Kunis was born in Chernivtsi, in the Ukrainian SSR (now Ukraine).[5] Her mother, Elvira, is a physics teacher who runs a pharmacy, and her father, Mark Kunis, is a mechanical engineer who works as a cab driver.[6] Kunis has an elder brother named Michael (born c. 1976).[7][8] She stated in 2011 that her parents had "amazing jobs", and that the family was "very lucky" and "not poor"; they had decided to leave the USSR because they saw "no future" there for Kunis and her brother.[5] In 1991, when she was seven years old, her family moved to Los Angeles, California with $250. "That was all we were allowed to take with us. My parents had given up good jobs and degrees, which were not transferable. We arrived in New York on a Wednesday and by Friday morning my brother and I were at school in LA."[5]

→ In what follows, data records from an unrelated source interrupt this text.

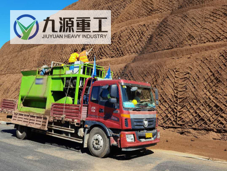噴播機(jī)是應(yīng)用于邊坡綠化的專業(yè)設(shè)備,通過本設(shè)備將土壤基質(zhì)、綠化草籽、保水劑、黏合劑、肥料等,在噴播機(jī)攪拌罐中與水混合成膠狀的漿液,用泥漿泵將其噴播于坡面上。由于漿液中含有保水材料、黏合材料、各種養(yǎng)分,在保證了植物生長(zhǎng)所需的水和其它營(yíng)養(yǎng)物質(zhì)來源的同時(shí)有效防止雨水沖刷對(duì)噴播材料的破壞,故而植物能夠健康、迅速地成長(zhǎng)。
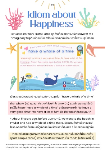 เนอหาตอนนขอเสนอสํานวนเกยวกบความสุขทว่า “have a whale of a time”
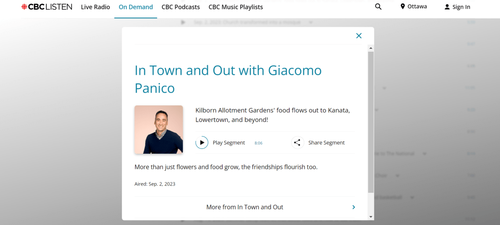 Recently, I was lucky enough to be asked to do an interview for CBC’s morning radio show, In town and Out with Giacomo Panico. It was a great experience and I loved getting to show Giacomo around Laughing Radish. Check out the interview at the link below- my segment starts at 6:19!
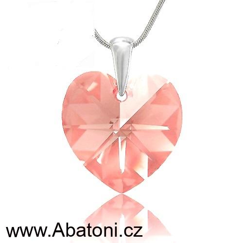 - Swarovski Elements Heart krystal 14mm - Stříbrný náhrdelník (přívěsek + řetízek) růžové srdce, srdíčko 32071.3 Light Rose (růžová světlá)
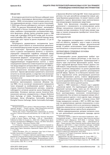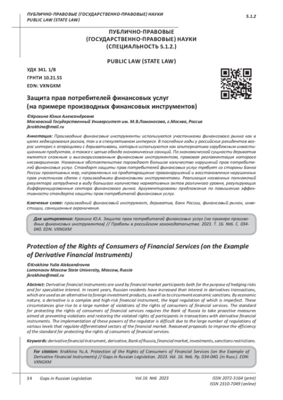 Производные финансовые инструменты используются участниками финансового рынка как в целях хеджирования рисков, так и в спекулятивном интересе. В последние годы у российских резидентов возрос интерес к операциями с деривативами, которые используются как альтернатива зарубежным инвестиционным продуктам, а также с целью обхода экономических санкций. По экономической сущности дериватив является сложным и высокорискованным финансовым инструментом, правовая регламентация которого несовершенная. Названные обстоятельства порождают большое количество нарушений прав потребителей финансовых услуг. Стандарт защиты прав потребителей финансовых услуг требует со стороны Банка России проактивных мер, направленных на предотвращение правонарушений и восстановление нарушенных прав участников сделок с производными финансовыми инструментами. Реализация названных полномочий регулятора затруднена в виду большого количества нормативных актов различного уровня, регулирующих дифференцированные сектора финансового рынка. Аргументированы предложения по повышению эффективности стандарта защиты прав потребителей финансовых услуг.
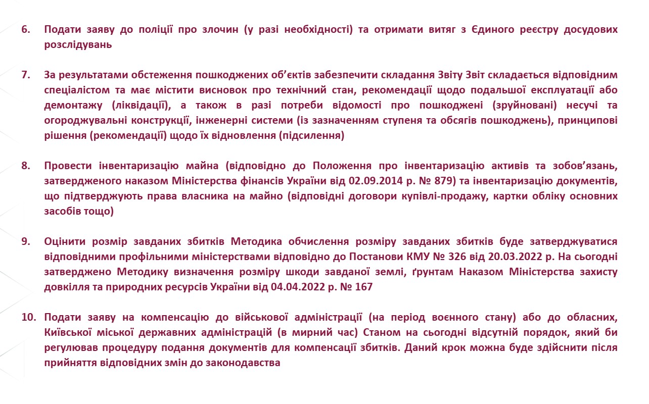 Нижче наведено 10 основних кроків, які треба пройти, аби зафіксувати пошкодження та отримати можливість на компенсацію збитків.
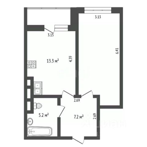 -Общая площадь: 58 м²
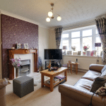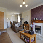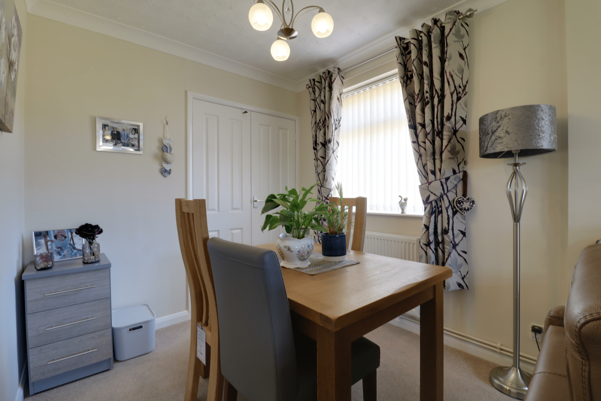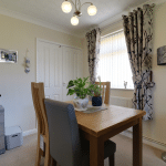 With a front bay uPVC double glazed window, a pebbled effect electric fireplace with marbled style hearth and backing with oak surrounding mantel, TV input and an opening leads through to the dining area which has a side uPVC double glazed and fitted storage cupboards.

Kunis comes from a Jewish family and has cited antisemitism in the former Soviet Union as one of several reasons for her family's move to the United States.[9][10][11] She has stated that her parents "raised [her] Jewish as much as they could," although religion was suppressed in the Soviet Union.[9] On her second day in Los Angeles, Kunis was enrolled at Rosewood Elementary School, not knowing a word of English. She later recalled: "I blocked out second grade completely. I have no recollection of it. I always talk to my mom and my grandma about it. It was because I cried every day. I didn't understand the culture. I didn't understand the people. I didn't understand the language. My first sentence of my essay to get into college was like, 'Imagine being blind and deaf at age seven.' And that's kind of what it felt like moving to the States."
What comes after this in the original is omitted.